MOODs: Identifying Outlier Passages and Texts in the Legislative Process
Dr. Peter Organisciak
RMIS Faculty, University of Denver
Summer 2018 - Summer 2019
MOODs is an adjacent project similar to the IMLS grant-funded SaDDL project. While SaDDL looks at data from the HathiTrust, the MOODs project analyzes congressional bills. The goal of this project is to develop a way to help readers judge when and where pieces of legislature warrant closer reading. The system, called MOODs, aims to find textual Misfits, Omnibuses, and Odd Ducks.
The project uses different methods to analyze legislature. First, the project uses topic modeling to create a context for what is "normal" in a bill. Based on that model, differences will be measured in two ways: measuring the fit between the model and the text and measuring how well one set of documents represents another. The project then considers how texts are distrbuted across those topic models and ends by developing a measure to indicate bills that are outliers.

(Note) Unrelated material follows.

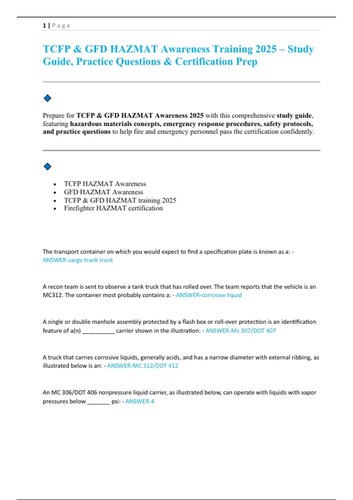 Prepare for TCFP & GFD HAZMAT Awareness 2025 with this comprehensive study guide,

The MOODs project focuses on three research questions:
What are the most novel federal bills currently?
What are the most topically-diverse federal bills currently?
What are the most thematic or thematically-unexpected passages in relation to a bill's overall content?
The overall goal of MOODs is to allow better understanding of the political process in addition to helping people understand legislative texts in general.